# How Could You?



## xxshaelxx (Mar 8, 2010)

I'm assuming that some of you have probably already read this, but for those who haven't, it's one of my favorite articles, even though it makes me really sad. I believe that if every person in America had to read this, it'd make a huge difference... BTW, it came from a site that I found while researching Sibes and looking for my babies.

WARNING!!!

This article is not for the faint hearted. It's a really good article, but it'll cause waterworks... (caused waterworks for me that I'd never knew I was capable of).

How Could You


----------



## Ania's Mommy (Feb 8, 2009)

Aw man!! Why'd I read it at work despite your warning? :frown:

Richelle


----------



## xxshaelxx (Mar 8, 2010)

Ania's Mommy said:


> Aw man!! Why'd I read it at work despite your warning? :frown:


So you can show the article to all of your coworkers. hahaha. Then you won't be the only one in waterworks.


----------



## DaneMama (Jun 27, 2008)

Glad I was home for that one, even though I have already seen it many times. It should be in the dog owners handbook or something.


----------



## dobesgalore (Oct 21, 2009)

I only read half and that was enough. I have to go and hug all my babies now and make sure they all know they are home forever!


----------



## whiteleo (Sep 7, 2008)

That one should be posted at every front door of every shelter! I've read it before but the result is always the same, people really piss me off!


----------



## CorgiPaws (Mar 31, 2009)

I've read this before, but as I sit here on my couch, looking at all five of my children (pets) sleeping in various parts of my living room, I am SO sad for the animals who don't have what they do. 
I can't imagine just dumping any single one of them, and I cna't IMAGINE what the heck the person who dumped my kitty at the shelter was thinking.


----------



## xxshaelxx (Mar 8, 2010)

It makes me sad that I decided to go through a breeder and not adopt, but I needed to get a puppy for the sake of my cats, and not just the puppy getting used to them, but the cats getting used to the puppy as well. So since I was getting a puppy, I wanted what I wanted.

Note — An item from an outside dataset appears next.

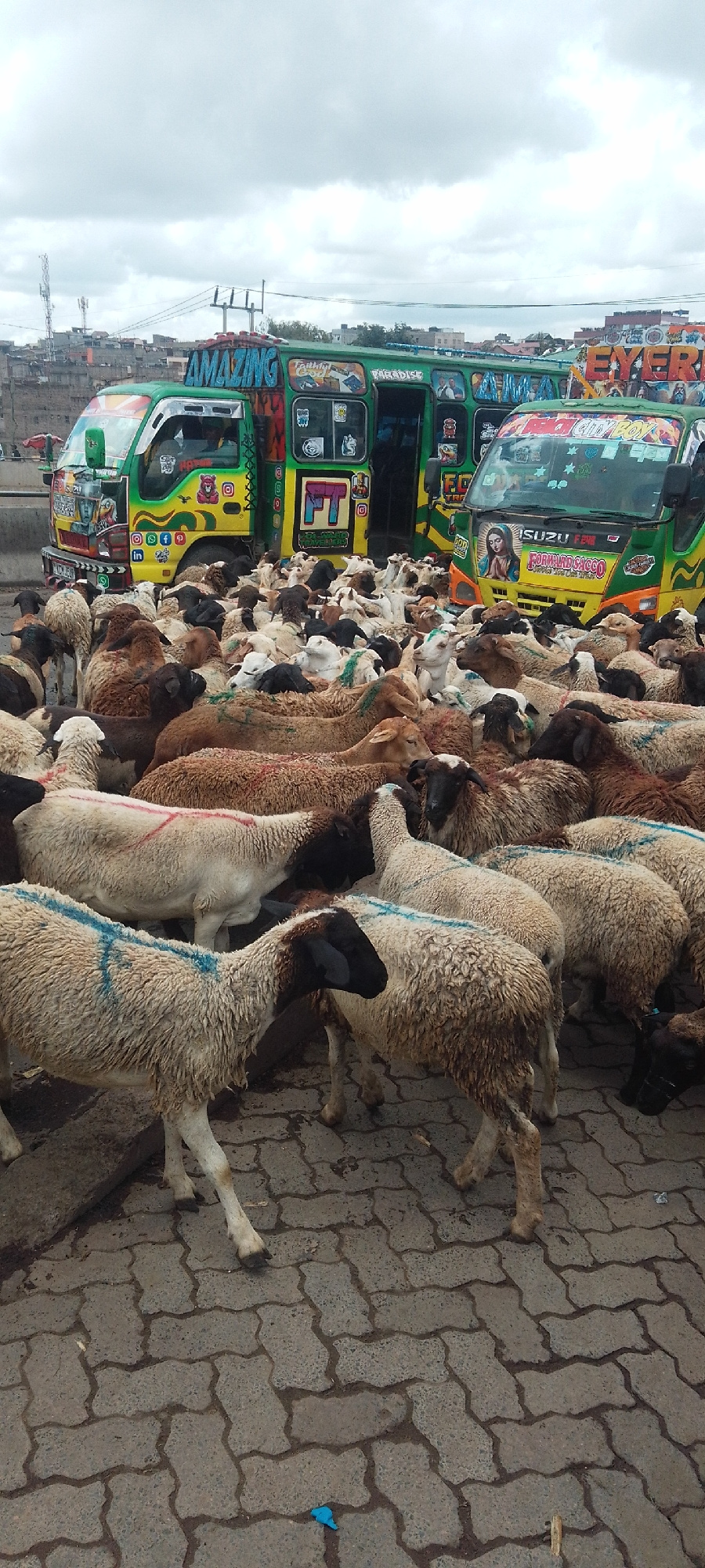 The photograph depicts a large gathering of sheep and goats in an urban environment, specifically near what appear to be matatus, a form of public transport, in Nairobi, Kenya. The sheep and goats are…read more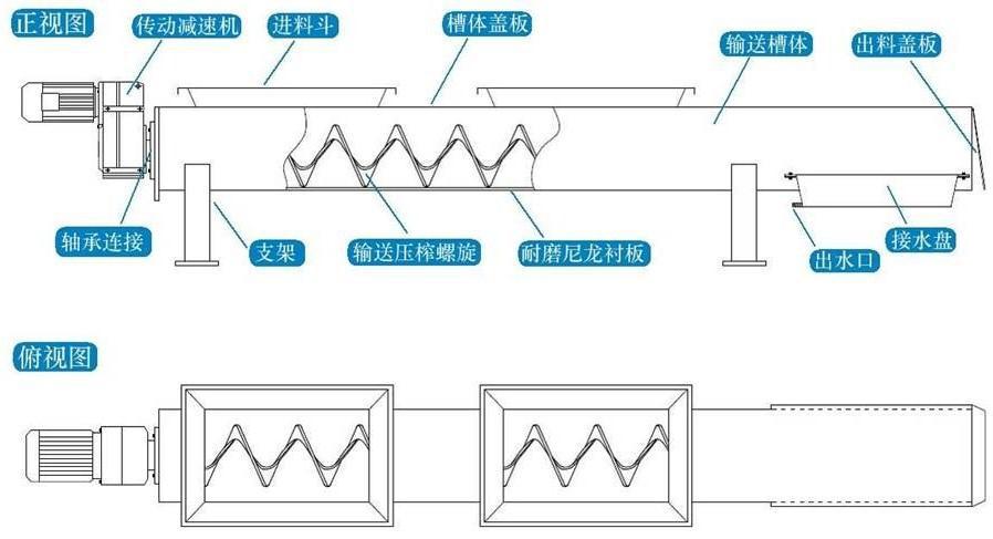 該壓榨機(jī)輸送壓榨殼體采用U型槽式結(jié)構(gòu),上部封蓋板,為增加出料高度,一般為平送出料。 壓榨螺旋采用無軸螺旋,下襯耐磨尼龍襯板,增加了輸送長度,壓榨部分為平送壓榨結(jié)構(gòu)。 可同時接受多臺格柵出料,輸送加壓榨一體,減少了動力消耗及設(shè)備投資。

I did get my little kitty from the Humane Society, though. And Meatball came from a litter down the street that would have ended up at the Humane Society or on the streets (Not neutered!) if I hadn't taken him. Actually, if I hadn't gotten him from the person who actually took him, and hadn't kept him when she demanded to get him back. Truth be told, I think THEIR other cat is Meatball's dad! -.-

Anyways, I'm rambling. haha.


----------



## malluver1005 (Nov 15, 2009)

I only read half, maybe not even half, and that was it. Makes me even sadder that it had to be a husky. One of my fave breeds. I just had to go out and hug Aspen.


----------



## xxshaelxx (Mar 8, 2010)

malluver1005 said:


> I only read half, maybe not even half, and that was it. Makes me even sadder that it had to be a husky. One of my fave breeds. I just had to go out and hug Aspen.


Actually, I don't think it was. I think the owners of the site (Siberian Husky and Whippet breeders and showers) just copied and pasted the story from other places on the web to discourage people from buying puppies if they're just going to abandon them.

If I ever make a site about Siberian Huskies (probably solely to educate people on the breed), I'm definitely putting that article on there, as well as a link to this fantabulous forum. XD


----------



## malluver1005 (Nov 15, 2009)

Oh, I thought it was about a husky.


----------



## xxshaelxx (Mar 8, 2010)

malluver1005 said:


> Oh, I thought it was about a husky.


haha. I did, too, until I looked it up on the Internet. I guess the guy that wrote it is a volunteer at shelters, or something and was just tired of seeing all the dogs coming in all the time and being put down.


----------



## Khan (Jan 17, 2010)

So sad. I have always said that people read all these books to prepare for having kids; but when it comes to dogs there is hardly no thought process. And to be able to dismiss one of these creatures so easily is just astounding.


----------



## xxshaelxx (Mar 8, 2010)

Khan said:


> So sad. I have always said that people read all these books to prepare for having kids; but when it comes to dogs there is hardly no thought process. And to be able to dismiss one of these creatures so easily is just astounding.


OMG! I KNOW!!!!! When I got my dogs, I read a book about Sibes, researched for HOURS on end about them, just as much as I possibly COULD! I talked to several people about them, and ever just things about dogs in general, training, housing, etc! I bought everything months in advance. I just don't get why people wouldn't do that...It's like they think it's just another...COUCH or something!


----------



## harrkim120 (Feb 2, 2010)

That's totally getting hung up at work!!! Thanks :smile:


----------



## wags (Jan 31, 2009)

I have actually read this one before. Yes it is so sad. You sit and wonder why when you have a dog for so long your allowed to decide that they are throw away items. Sad this happens. I see pics of dogs in shelters I have one hmmmm not that far and go to the web sight~ just to look nothing else UGH (hard to just look)!~ but anyway this shelter is a no kill which is wonderful and you see a lot of older dogs. Which do get adopted out YEAH! Hmm just a sad situation when people think gee dogs have reached a certain age I want to get rid of it. Or cant handle the middle aged dog anymore just doesn't fit into my life style. Sad Sad Sad!!!!!!!!!!!!!!:frown:


----------



## whiteleo (Sep 7, 2008)

Times are not like they used to be, the people who get a dog today and do the research, homework, and know that it is a lifetime commitment were brought up with a different value system. They were taught to work hard for what you want, morals and right from wrong.
The ones who take their dogs to the shelter after several years of loyalty were taught that it is a throwaway society, they'll just get a different one later, never really had to work hard, most things were given to them or they weren't taught any values. 
It's the sad truth that it all stems from how you were brought up and what you were taught from your parents.


----------



## harrkim120 (Feb 2, 2010)

^^^ agreed!!! :biggrin:


----------